Having a live planted tank with fish is even more enjoyable than having a fish-only aquarium. Watching the green foliage grow slowly over time and shaping it as it grows has a soothing effect. Some people prefer gardens outdoors and some of us enjoy having them in our aquariums. Having all of the fun and enjoyment can be halted quickly if you purchase the wrong fish for your tank.

What freshwater fish eat plants? Many freshwater fish will eat plants including Silver Dollar fish, Buenos Aires Tetras, Severums, Mono’s and Scats, just to name a few. Other species will nip at the plants and dig them up. The fish don’t uproot the plants just for the purpose of uprooting them, they do it because it is in their nature to move objects. Cichlids are a good example of these type of fish. 

So, now you know there are fish that will eat plants and there are others that will just make a mess of the tank and uproot everything if they can. In this article, we will explore aquarium fish that eat plants as well as discuss ones that will make it difficult (if not impossible) to keep plants rooted.

Silver Dollar Fish

  • Silver Dollar fish got their name because they look like a silver dollar. To me, they look like cousins of Piranhas! They just look mean. So, being mean looking, you would think they would eat meat but silver dollars are herbivores.
  • Unless you are planting plants in your tank to be eaten, do not place them in a silver dollar aquarium. These fish can get quite big and will clean out all of your live plants in no time at all.
  • When deciding on setting up a tank for silver dollars, you should consider rocks and wood. If you want plants, they will have to be fake plants.

Mono’s and Scat Fish

  • For you brackish aquarium owners, you will most definitely come across Mono’s and Scats for fish selection.
  • Both of these fish will eat your live plants. They are omnivores and prefer a mixed diet of all kinds of organic materials.
  • For tank set- up, think of rocks and wood again. These fish need a huge tank to swim freely so open space works just fine.
  • Want to learn more about brackish fish? If so please check out my brackish fish article.

Severum Fish

  • Severums are in the Cichlid family. Severums will eat your plants and uproot them as well.
  • If you are new to the hobby, you might purchase a Severum thinking it is like any other fresh water fish, however, these fish can be very rambunctious.

Buenos Aires Tetras

  • What a beautiful little omnivore the Buenos Aires Tetra is. Buenos Aires Tetras will eat a wide variety of foods, with plants being one of them.
  • You can try feeding lettuce and cucumber to the Buenos Aires fish to make sure they are full. Then, they might not go after your plants. It is possible, but can be quite the balancing act.
  • Buenos Aires Tetras prefer to be in schools, which means you are trying to avoid many fish from eating your plants, not just one fish.
  • These fish are a treat to watch so don’t let that deter you from owing any.

Dwarf Gourami’s

Dwarf Gourami’s will uproot younger plants that do not have a long root system.
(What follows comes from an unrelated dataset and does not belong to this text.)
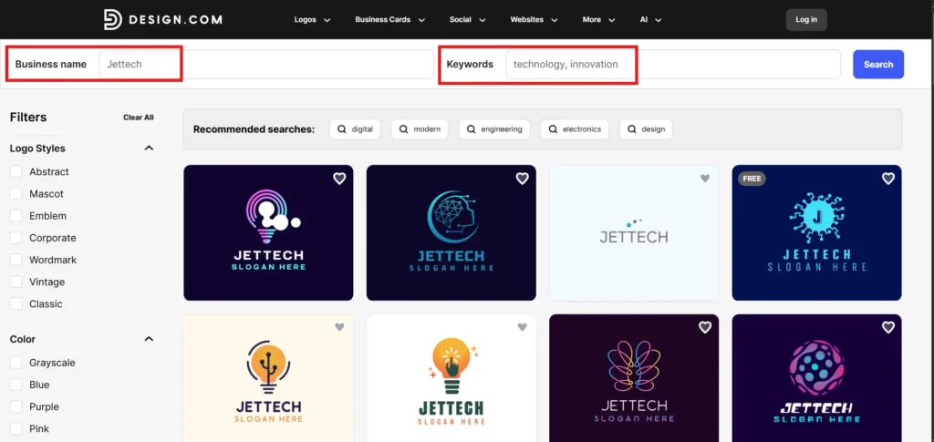First, you only need to enter your business name. After that, a small pop-up will appear asking for keywords related to your business. Once you enter those keywords and click continue, the platform will generate your logo within a few seconds. You will then see many different logo templates with your business name already applied. If you want to change your business name or keywords, you can easily do that using the options given at the top. I’ve added an image below so you can check and understand it better.
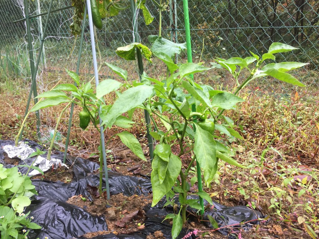 なんか、ピーマン、大きくなれてないけど、実がついてるんだよね…

Older plants with longer roots should be fine as they will be able to withstand that movement from the smaller dwarf gourami fish.

Other varieties of Gourami’s might nip at your plants, however, they can be fed lettuce and spinach every few days which should fill their desire to chomp on your plants.


  • If you don’t know yet, you should learn quickly that most, if not all, cichlid fish will rearrange your aquarium if they can. They are like little bulldozers that move and uproot everything.
  • Think about it, when you see cichlids at your local fish store or in pictures what is the content inside the aquarium? Usually it is larger rock formations and zero to little plants.
  • This is because cichlids will uproot and move pretty much anything you have in their tank. It’s just in their nature to do this.

Distichodus Fish

  • Distichodus are not good fish to have if you want a planted tank. Distichodus originate from the Congo River. They are not overly popular in North American aquariums yet are still found speckled throughout stores.
  • The Distichodus grows to be a very large fish, anywhere from 14” to upwards of 40”. Yes that big.
  • This fish is an herbivore and will easily consume your plants. Even if you try to supplement with leaf foods and vegetables, you will still have a hard time keeping the Distichodus from eating your plants.


  • Goldfish will eat all kinds of things. Plants being one of them.
  • Goldfish are omnivores and will eat insect larvae, plants and other foods you provide them.
  • You could try supplementing the tank with lettuce and veggies, however, I feel you would be wasting your time. Goldfish don’t know when to stop eating. Or don’t care to.
  • Goldfish are also very messy, not only with the amount of poop they generate but the way they swim around the tank. They can uproot and knock over decorations if you have enough Goldfish in one tank.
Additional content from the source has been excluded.